Ясен пень, никто мне не ответил.
«Ладно, придется обходиться папой», – подумала я, сползла с кровати, уложила игрушку в постель, прикрыв одеялом, и потопала во двор, где меня, виляя хвостом, встретил Мишенька.
Я погладила собаку и отправилась за дом – там росла яблоня, старая и довольно высокая – мое специальное место.
Я забиралась на дерево, чтобы скрыться от Зоси, просто спокойно почитать или поиграть в настоящего матроса – бом-брамсели и все такое.
То есть когда все было хорошо.
Когда же все было плохо, я приходила побродить вокруг яблони и «подумать над своим поведением», по выражению той же Зоси. Ну или над чужим – по обстоятельствам.
Думать приходилось частенько – вокруг яблони была протоптана убедительная дорожка.
И этот раз не стал исключением – мы с Мишенькой бродили вокруг дерева как постовые, и я думала о маме.
Мысли выходили невеселые, но и необидные, и первой из них была банальная сердитая детская мысль: «Я же не просила, чтобы меня рожали, да?
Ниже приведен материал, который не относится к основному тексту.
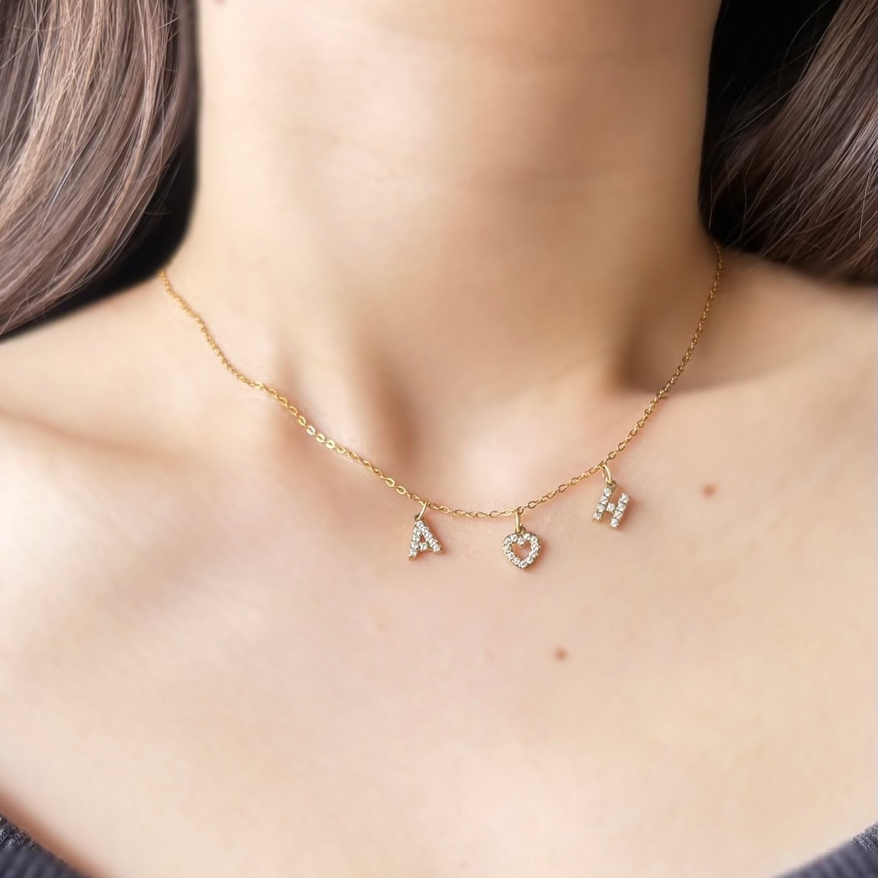【予約】選べる3つのジルコニアイニシャルチャーム チェーンネックレス

А теперь придется им потерпеть, не могу же я родиться обратно…» Других-то претензий ко мне вроде как и не было…
Но раз так, ситуация выглядела безнадежной – я ничего не могла исправить. Мысль перестать быть мне в голову не приходила – я всегда была неприлично живучей, и тогда, и теперь.
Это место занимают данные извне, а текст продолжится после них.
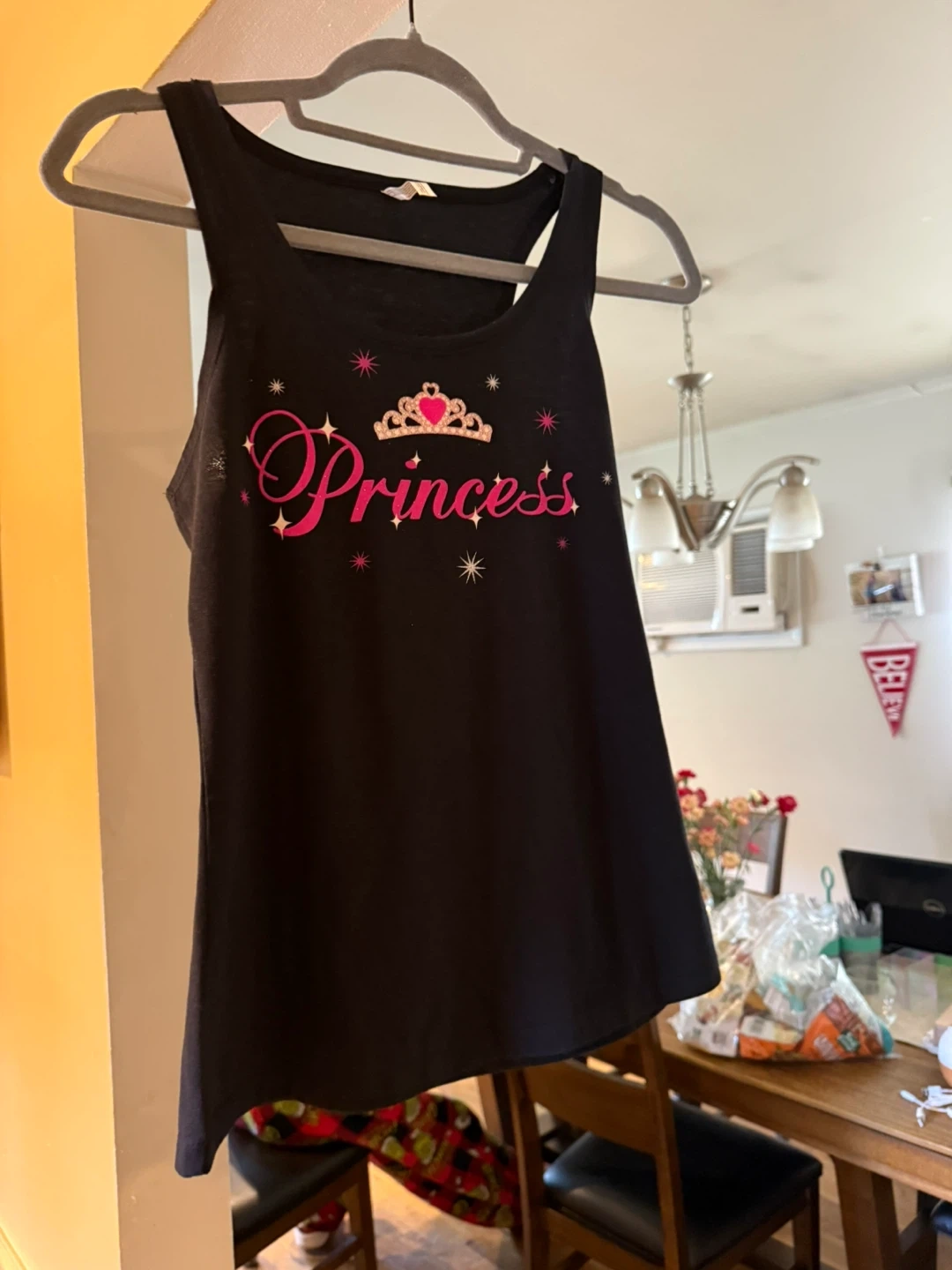 Cute black tank top with a 'Princess' design. It's in great condition and ready for a new home!

Папа пришел за мной уже в сумерках, сказал: «А, вот ты где», взял на руки, спросил, стараясь, чтобы голос не звучал встревоженно: «Ты как, дружище?» А я ответила, что все хорошо.
Тогда он прижал меня к себе и тоже стал бродить вокруг яблони и рассказывать мне про маму, про то, как все было и почему, что она ни в чем не виновата и я ни в чем не виновата, просто нам обеим здорово не повезло. А потом добавил, что ведь и повезло – мы обе живы как-никак, а с остальным уж разберемся, нужно время.
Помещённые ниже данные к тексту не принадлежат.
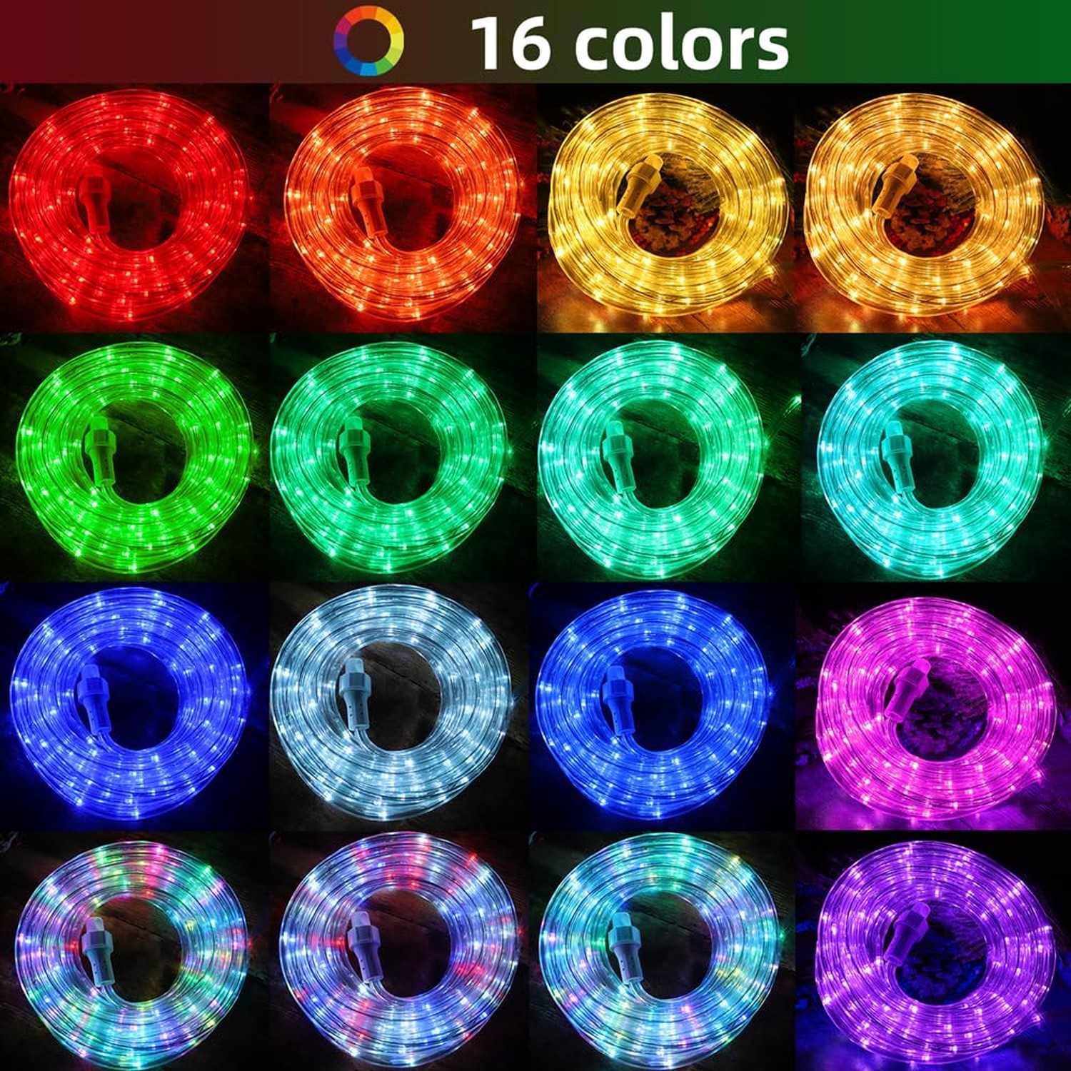 65ft 400 LED Rope Lights for Outside, Color Changing Rope Lights Indoor Outdoor with Remote, 16 Colors Waterproof Christmas Light Outdoor for Deck, Patio, Pool, Camping, Bedroom, Landscape Decorations Product Details Size: 65ft 400led Brand: HuiZhen MPN: YLRL-20-24V UPC: 705146599318 EAN: 0705146599318 Color: color changing Brand: HuiZhen Indoor/Outdoor Usage: Indoor, Outdoor Special Feature: 16 color changing Timer with Remote Light Source Type: LED Power Source: AC Light Color: Multicolor Theme: Christmas, Halloween, Thanksgiving Occasion: Indoor and outdoor ,party,room,christmas,camping Style: Modern Package Dimensions : 11.77 x 10.55 x 3.7 inches; 4.63 Pounds Item model number : YLRL-20-24V Batteries : 1 Lithium Ion batteries required. (included) Date First Available : September 6, 2023 Manufacturer : Linhai Yuliang Electronic Lighting CO.,Ltd Customer Reviews: 4.3 4.3 out of 5 stars 137 ratings Color: color changing Brand: HuiZhen Indoor/Outdoor Usage: Indoor, Outdoor Special Feature: 16 color changing Timer with Remote Light Source Type: LED Power Source: AC Light Color: Multicolor Theme: Christmas, Halloween, Thanksgiving Occasion: Indoor and outdoor ,party,room,christmas,camping Style: Modern Material: Polyvinyl Chloride Controller Type: Remote Control Connectivity Technology: Infrared Number of Light Sources: 400 Voltage: 24 Volts (AC) Included Components: Mounting Clips Number of Items: 1 Control Method: Remote Water Resistance Level: Waterproof Wireless Communication Technology: Infrared, Radio Frequency Number of Batteries: 1 Lithium Ion batteries required. (included) Seasons: All Seasons UPC: 705146599318 Form Factor: Flexible Rope Manufacturer: Linhai Yuliang Electronic Lighting CO.,Ltd Item Weight: 4.62 pounds Package Dimensions: 11.77 x 10.55 x 3.7 inches Item model number: YLRL-20-24V Batteries: 1 Lithium Ion batteries required. (included) Specific Uses: Indoor and outdoor decorations Special Features: 16 color changing Timer with Remote Batteries Included?: Yes Batteries Required?: Yes Bulb Features: Not Dimmable Date First Available: September 6, 2023 Easy Installation and Safe to Use The color changing rope lights come with screws and clamps to secure the rope when hang on the ceiling or wrap around the trees and pillars.led rope lights outdoor waterproof do not get warm for long time lit and two built-in fuses in the power plug as shortcircuit protection,more reassuring and reliable, saving energy and longevity. (NOTE:This color changing rope lights is NOT CONNECTABLE) Pretty 16 Colors & Lighting Modes You can set 8 different lighting modes and 16 colors steady on separately, set different modes to meet your various lighting needs with the remote control, the perfect room ambience, give you an amazing visual experience.Set a timer for 6 or 18 hours with the timer function. Outdoor Rope Lights WaterproofThick transparent round plastic tube, strong flexibility, heat-resistant, anti UV,energy-saving, durable and connectable.With IP65 Rated, Rope lights can be used in outdoor Application: Offers decorative rope lights for outside for wedding ,party,indoor room,outdoor camping,windows, walkways, patios, gardens, fences, porches, restaurants, clubs, bar etc.High flexibility, temperature sustainability, and UV resistance CUSTOMER SATISFACTION MONEY-BACK GUARANTEE:For any reason you're not SATISFIED with the led rope lights, please let us know and our customer service team will help you RETURN OR REFUND. Color changing Rope Lights Feature: 1.Clear PVC tube rope lights. 2.Led Rope Light can be bent into various shape easily and fit for outdoor camping ,wedding,garden,pool,party,Landscape, illuminate deck stairs, crown molding, bedroom, boat etc decoration. 3.Energy-Saving and Long Life outdoor rope lightS. 4.High Flexibility, Temperature Sustainability, and UV Resistance . Specs: 1.Length: 65ft/20m ;lead wire: 9.8ft 2.Color: color changing with remote 3.LED Quantity: 20 Leds/M 4.Rated Lifespan: 50000h 5.Working Temperature: -20~50℃ 6.Voltage: 24V 7.Every Led Power: 0.04W Package Includes: 1x Rope Light Mounting Clips Note: 100% SATISFACTION GUARANTEE! For any reason you're not 100% SATISFIED with the color changing rope light, please let us know and our customer service team will help you RETURN OR FULL REFUND.

А я сказала, что на маму не обижаюсь и надо к ней поменьше липнуть, наверное, да?
Тут папа перестал прижимать меня к себе, а, наоборот, слегка отстранился, вышел к свету, лившемуся из окон, посмотрел на меня внимательно и сказал, что я – его ученый скворчонок и даже удивительно, как это я все так хорошо понимаю, а еще, что любит меня, как сорок тысяч папьев любить не могут.
Я расхихикалась и сказала, что нет такого слова – «пáпья». Слово показалось мне необыкновенно смешным, и я все повторяла: «Папья, папья», – и трогала его за нос.
У детей довольно странное чувство юмора, да. Как и у собак.
Потом он отнес меня в дом и еще долго читал мне про короля Артура, изображал Ланселота на телеге, а я снова хихикала в ладошку, чтобы не разбудить Зосю, но Зося все же проснулась и прогнала папу спать.
И я тоже уснула – вполне счастливой и спокойной. Та змея, что все-таки грызла мое сердце в последнее время, подохла.
С мамой с тех пор у нас установились скорее приятельские отношения. За последние тридцать лет мы много раз ссорились, мирились и в конце концов подружились почти по-настоящему. Конечно, у нас все «не как у людей», она мне больше подруга, чем мама, но мы неплохо выкрутились из всего этого дерьма, так я думаю.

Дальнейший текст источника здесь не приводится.